Time-varying debris flow thickness of the study area

3.3 Results and Discussion

Debris profiles and changes of the elevation by entrainments and sediments at each representative times are shown in Fig. 3.2. As shown in Fig. 3.2b, f, soil erosions and entrainments were occurred over the path of the debris flow, and some debris materials were deposited on the drainage line. To analyze the erosion and deposit over the flow path of the debris flow, the time-varying volume of debris flow and the debris volume versus debris front position relation are also shown in Fig. 3.3 (Kwan 2012). The volume of the debris flow increased from the initial 2,350 m3 to a maximum of 3,480 m3, and gradually decreased as it deposited. The initial volume was fixed, and changes in the volume of debris flow are slightly different in the intermediate zone from about 200 to 350 m. Although there is some difference in intermediate zone, similar trends in the analytical results with observed volume and the maximum volume of debris flow are about to equal each other. Comparisons of time-varying front location and the front velocity with previous studies and field observed values are shown in Fig. 3.4. The analytical results by previous research (Law et al. 2017; Dai et al. 2017; Koo et al. 2017) are also compared with the results of this study and measured data reported in Geo report No. 271 (Kwan 2012). In comparison of the analytical results and measured data, the proposed method in this study slightly overestimated the time-varying front position of debris while that in the previous study also lightly underestimated, but the difference between the analytical results and measured data was very small (Fig. 3.4a). The front velocity of debris flows estimated in this study shown in Fig. 3.4b was also compared with the results of the previous research and the measured data. It is shown that the front velocity of debris flows by this study has a similar trend with the results from previous study and measured data. These numerical results are greatly governed by the input parameters, which are very close to the measured values because the input parameters were determined by the back-analysis.

Fig. 3.3
Two graphs, a and b of time varying. A is the volume of debris flow. The line is from a volume of 2,750 cubic meters at 0 seconds, rises to 3,250 at flatlines, rises to 3,500, and dives to 1,500 at 60. B is the debris front positions.

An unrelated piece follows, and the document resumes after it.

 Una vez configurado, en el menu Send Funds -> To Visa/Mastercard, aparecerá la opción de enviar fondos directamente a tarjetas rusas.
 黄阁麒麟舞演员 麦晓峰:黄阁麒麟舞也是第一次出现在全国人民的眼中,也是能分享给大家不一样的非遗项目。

The measured and the study lines begin at 2250 at 0 and end at 0 in 600. The measured line peaks at 3250 in 300, and the study line at 3500 at 500.

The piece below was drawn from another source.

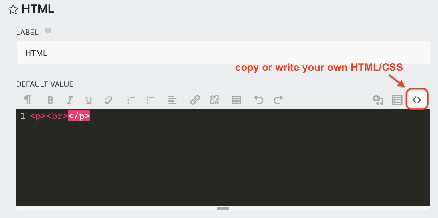 The HTML field allows you to include formatted text, introduce extra spacing, showcase links, or feature various media types. Regardless of your familiarity with HTML, you can tailor our HTML field using the built-in Summernote editor tool, or alternatively, you can insert your own code to customize it.
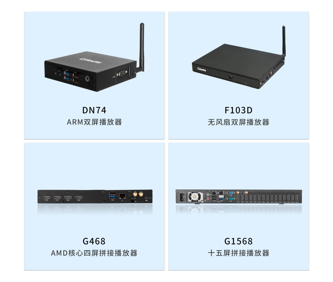 面对需求多样的市场环境,除中国·世俱杯G330六屏拼接播放器外,中国·世俱杯科技相继推出了G468四屏拼接播放器、G968九屏拼接播放器、G1568十五屏拼接播放器等多平台、多规格产品,均能够与中国·世俱杯GDSM商显系统平台完美适配,为商家的实际需要,供应选型完整的家族式产品。

Time-varying the volume of debris flow and debris front positions

Fig. 3.4
Two graphs, a and b of comparison of debris. A has the study and 3d D M M lines beginning at 10 meters of debris front at 0 seconds, and both end at 550 at 45. The lines are almost parallel to each other. Measured points are 300 at 20, and 525 at 40. B has the study line at a front velocity peak of 16 at 100 seconds, 3d D M M at 17 at 130, and L S, D Y N A at 17.5 at 150.

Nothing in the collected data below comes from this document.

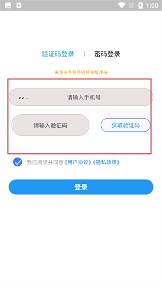 在【验证码登录】页面,先填写【请输入手机号】这一栏,接着点击【获取验证码】按钮,待收到验证码后填入【请输入验证码】的输入框,最后点击【登录】按钮即可完成整个登录操作。
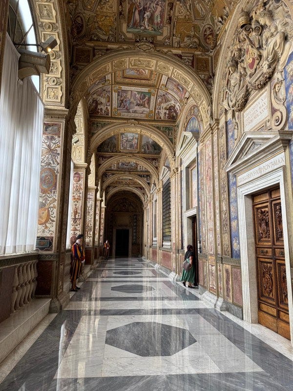 Entering the Vatican, we navigated several security checks, attended by the Swiss Guard. Although thorough, the process was surprisingly smooth, thanks to our official invitation for the private audience. With each step closer, we felt a deepening sense of occasion’s gravity. As we passed through grand corridors of the Vatican, flanked on either side by intricate frescoes, tapestries and timeless sculptures, we felt enthralled by the long tradition of devotion these masterpieces seemed to share.
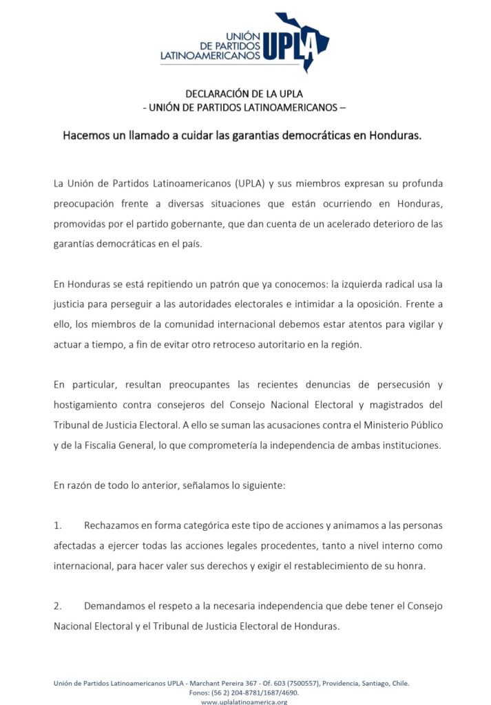 “En Honduras, la izquierda autoritaria está impulsando una jugada que ya conocemos: usa la justicia para perseguir a las autoridades electorales e intimidar a la oposición”, señala el comunicado oficial publicado por la organización, que agrupa a partidos de centroderecha y derecha democrática de América Latina.

Comparison of debris front positions and velocities with previous study

As a result of this watershed-scale historical debris flows case, it has been confirmed that the proposed method in this study can predict reasonably the mobility of debris flows (including the velocity and the front position) and the volume changes of debris reasonably in the actual land-scale debris flow prediction.

4 Conclusions

This work developed a simplified debris flow model with Hershel-Buckley rheology for tracking density evolution. A finite volume formulation of the debris flow model was also proposed for accurate and stable numerical simulations. Both the internal and basal frictions of the debris flow were considered in the model as well as the basal topology effect. A case of debris flows simulation was performed to validate the proposed method. One of the calibration cases is a field-scale experiment reported by a previous study, and it was used to compare the results of the proposed method with the previous study on the field-scale experiment. One of the real landslides and debris flow cases was simulated to compare the results by the proposed method with observations. By using the model developed in this study, it is possible to simulate not only reverse analysis after events but also the expandable debris flow induced by the input rainfall applied in engineering practice.